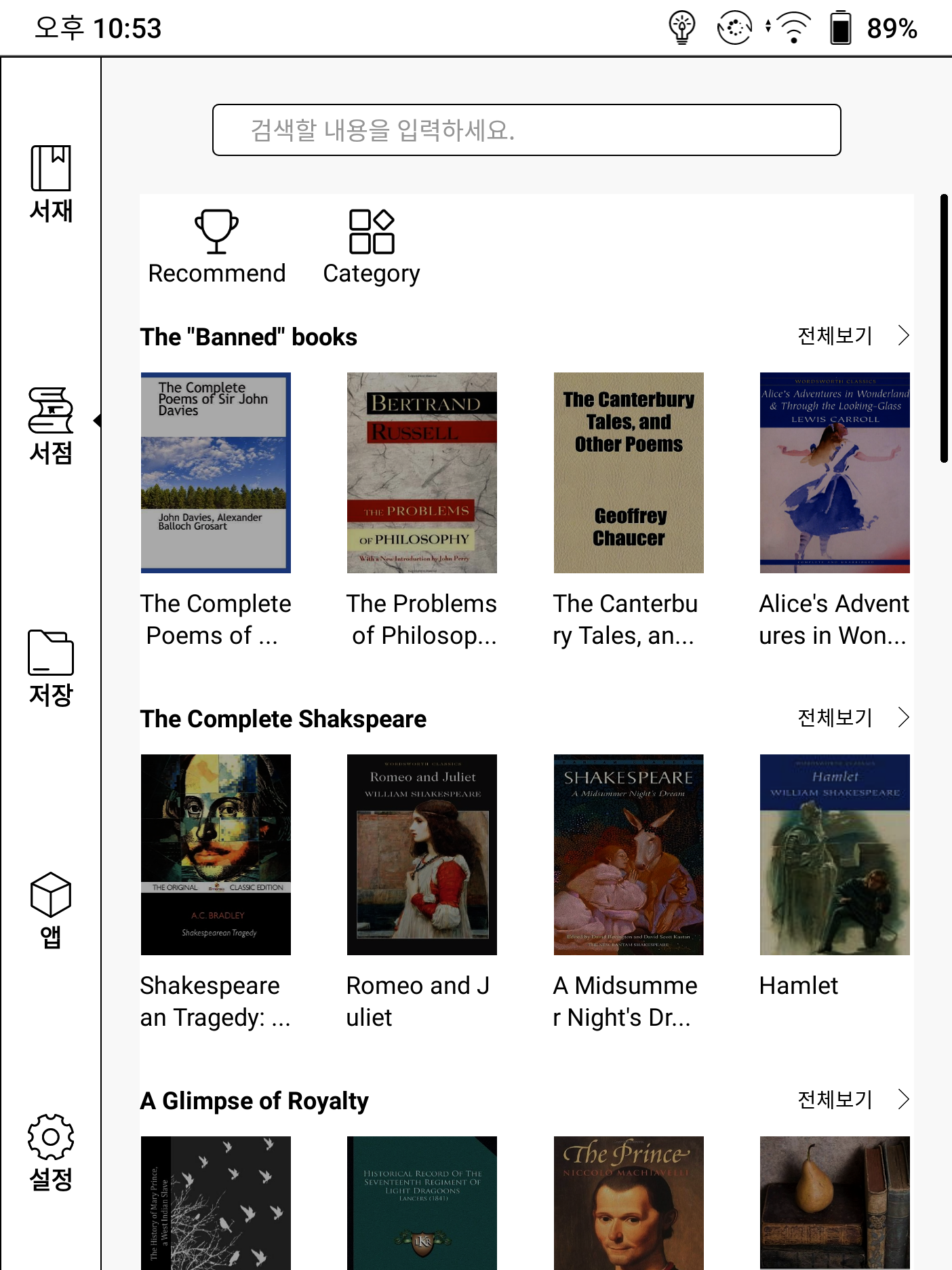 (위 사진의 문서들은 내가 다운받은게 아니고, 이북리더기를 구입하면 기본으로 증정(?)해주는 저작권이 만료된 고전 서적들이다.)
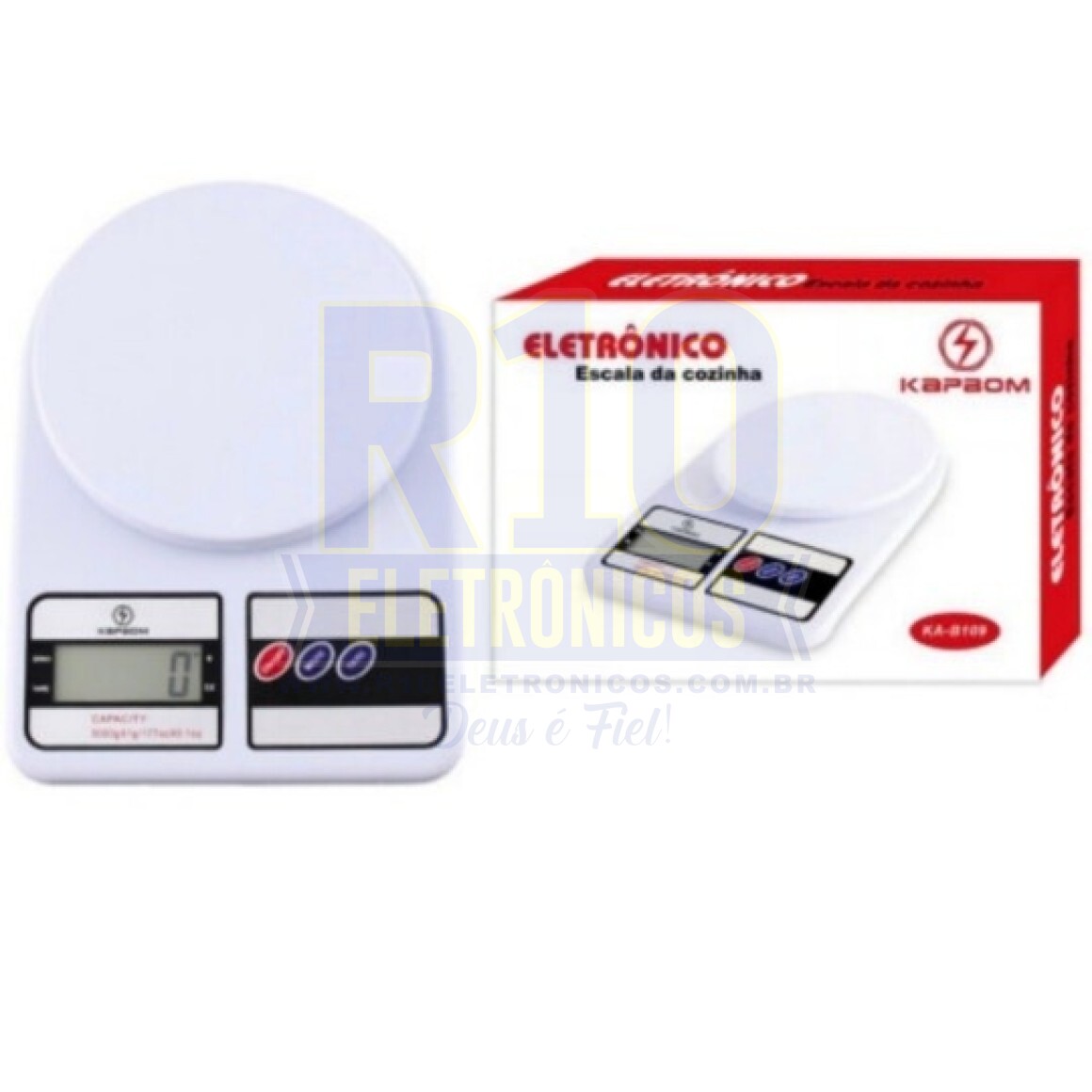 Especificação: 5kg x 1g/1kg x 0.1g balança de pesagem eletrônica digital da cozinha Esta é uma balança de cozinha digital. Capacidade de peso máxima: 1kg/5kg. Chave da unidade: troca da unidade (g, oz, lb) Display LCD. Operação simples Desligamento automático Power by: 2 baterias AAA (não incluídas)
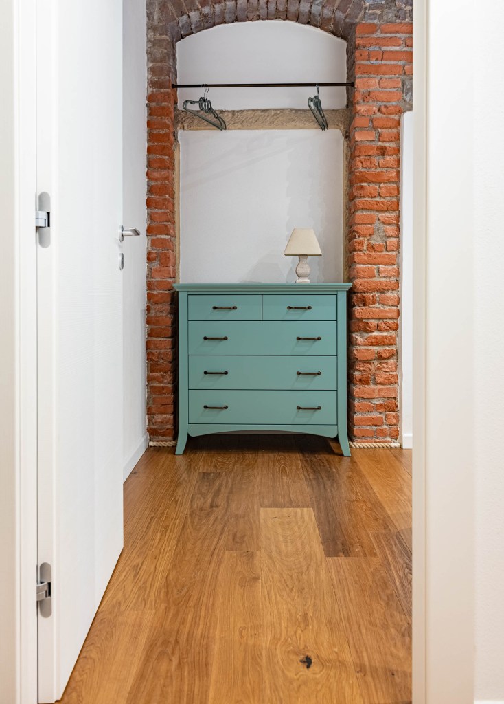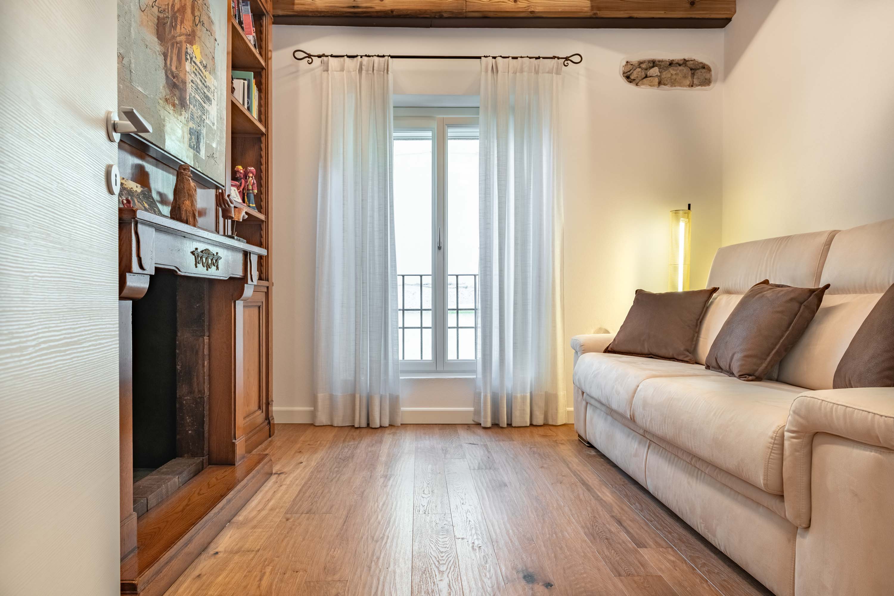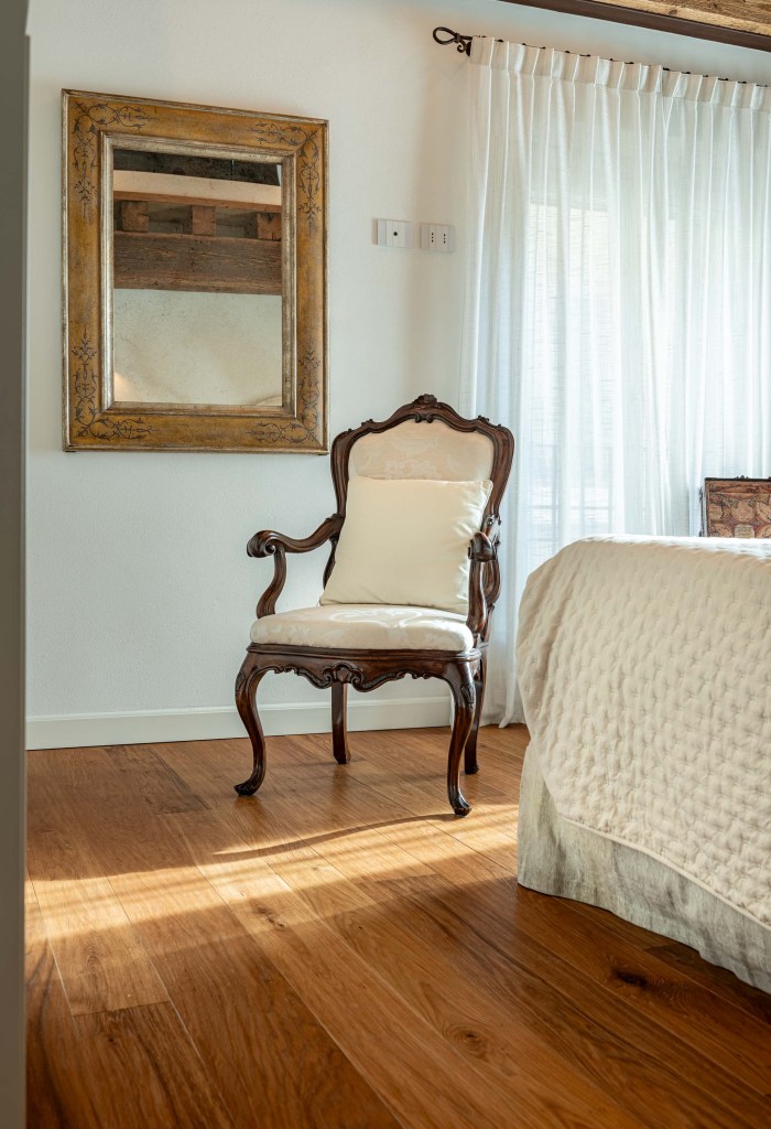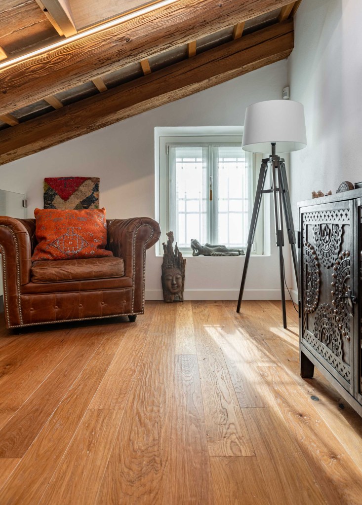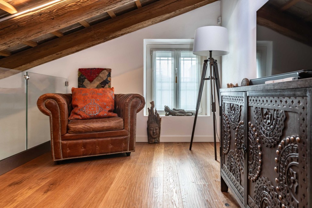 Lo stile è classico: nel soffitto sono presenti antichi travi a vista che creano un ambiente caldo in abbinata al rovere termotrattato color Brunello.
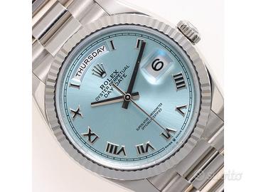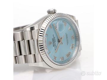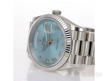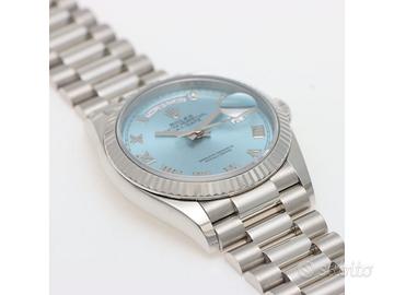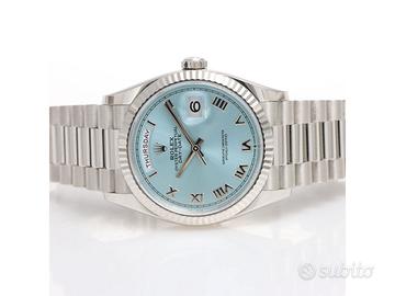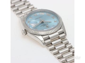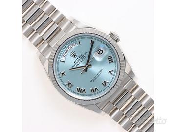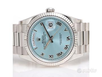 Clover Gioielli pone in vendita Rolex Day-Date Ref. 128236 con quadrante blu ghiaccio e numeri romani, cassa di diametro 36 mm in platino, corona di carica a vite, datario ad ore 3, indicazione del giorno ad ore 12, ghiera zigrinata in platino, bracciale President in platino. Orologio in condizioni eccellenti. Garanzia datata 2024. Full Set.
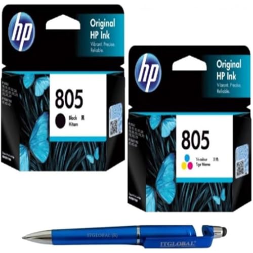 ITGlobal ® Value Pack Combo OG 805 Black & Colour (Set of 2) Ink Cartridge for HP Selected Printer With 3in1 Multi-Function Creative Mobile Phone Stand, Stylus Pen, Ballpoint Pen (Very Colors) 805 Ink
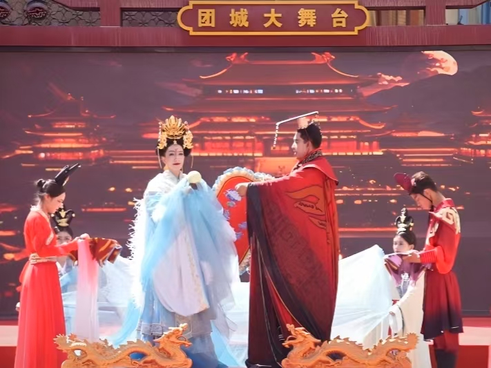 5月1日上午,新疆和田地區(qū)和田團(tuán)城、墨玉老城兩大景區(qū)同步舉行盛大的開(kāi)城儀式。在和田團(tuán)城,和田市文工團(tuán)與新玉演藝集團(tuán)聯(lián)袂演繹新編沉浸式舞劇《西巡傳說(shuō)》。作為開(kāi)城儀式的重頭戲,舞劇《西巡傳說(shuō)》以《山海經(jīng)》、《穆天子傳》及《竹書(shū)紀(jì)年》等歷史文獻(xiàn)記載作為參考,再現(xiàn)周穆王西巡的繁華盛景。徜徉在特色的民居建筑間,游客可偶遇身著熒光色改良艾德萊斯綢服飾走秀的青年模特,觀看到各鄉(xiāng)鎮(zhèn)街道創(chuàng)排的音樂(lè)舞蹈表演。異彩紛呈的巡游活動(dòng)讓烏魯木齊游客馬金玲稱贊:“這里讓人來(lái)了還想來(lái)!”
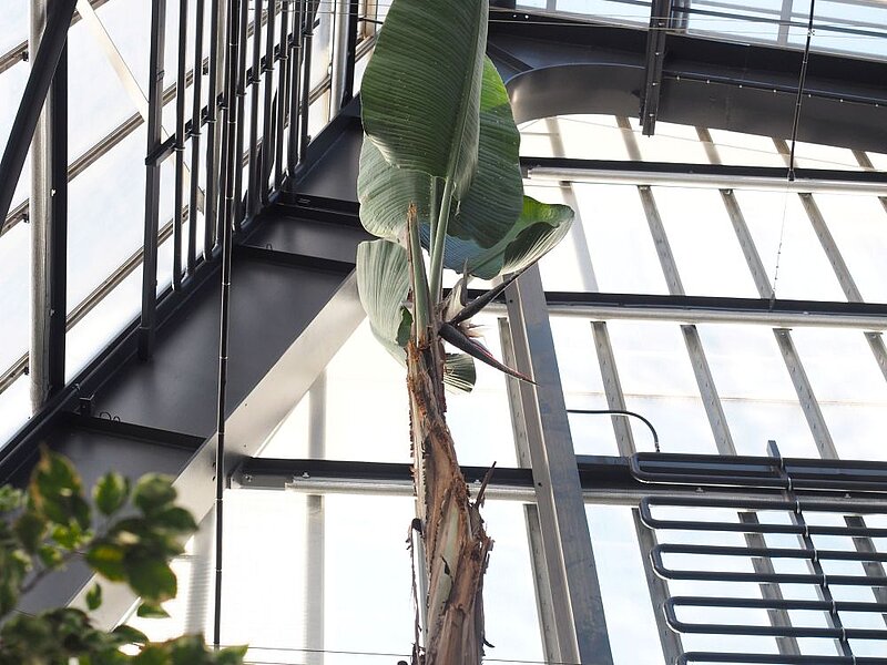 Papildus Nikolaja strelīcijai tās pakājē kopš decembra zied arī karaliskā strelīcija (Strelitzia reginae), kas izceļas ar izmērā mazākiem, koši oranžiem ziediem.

____

Task statement
The records above, minus their pictures, are to be returned word for word.

Response
 (위 사진의 문서들은 내가 다운받은게 아니고, 이북리더기를 구입하면 기본으로 증정(?)해주는 저작권이 만료된 고전 서적들이다.)
 Especificação: 5kg x 1g/1kg x 0.1g balança de pesagem eletrônica digital da cozinha Esta é uma balança de cozinha digital. Capacidade de peso máxima: 1kg/5kg. Chave da unidade: troca da unidade (g, oz, lb) Display LCD. Operação simples Desligamento automático Power by: 2 baterias AAA (não incluídas)
 Lo stile è classico: nel soffitto sono presenti antichi travi a vista che creano un ambiente caldo in abbinata al rovere termotrattato color Brunello.
 Clover Gioielli pone in vendita Rolex Day-Date Ref. 128236 con quadrante blu ghiaccio e numeri romani, cassa di diametro 36 mm in platino, corona di carica a vite, datario ad ore 3, indicazione del giorno ad ore 12, ghiera zigrinata in platino, bracciale President in platino. Orologio in condizioni eccellenti. Garanzia datata 2024. Full Set.
 ITGlobal ® Value Pack Combo OG 805 Black & Colour (Set of 2) Ink Cartridge for HP Selected Printer With 3in1 Multi-Function Creative Mobile Phone Stand, Stylus Pen, Ballpoint Pen (Very Colors) 805 Ink
 5月1日上午,新疆和田地區(qū)和田團(tuán)城、墨玉老城兩大景區(qū)同步舉行盛大的開(kāi)城儀式。在和田團(tuán)城,和田市文工團(tuán)與新玉演藝集團(tuán)聯(lián)袂演繹新編沉浸式舞劇《西巡傳說(shuō)》。作為開(kāi)城儀式的重頭戲,舞劇《西巡傳說(shuō)》以《山海經(jīng)》、《穆天子傳》及《竹書(shū)紀(jì)年》等歷史文獻(xiàn)記載作為參考,再現(xiàn)周穆王西巡的繁華盛景。徜徉在特色的民居建筑間,游客可偶遇身著熒光色改良艾德萊斯綢服飾走秀的青年模特,觀看到各鄉(xiāng)鎮(zhèn)街道創(chuàng)排的音樂(lè)舞蹈表演。異彩紛呈的巡游活動(dòng)讓烏魯木齊游客馬金玲稱贊:“這里讓人來(lái)了還想來(lái)!”
 Papildus Nikolaja strelīcijai tās pakājē kopš decembra zied arī karaliskā strelīcija (Strelitzia reginae), kas izceļas ar izmērā mazākiem, koši oranžiem ziediem.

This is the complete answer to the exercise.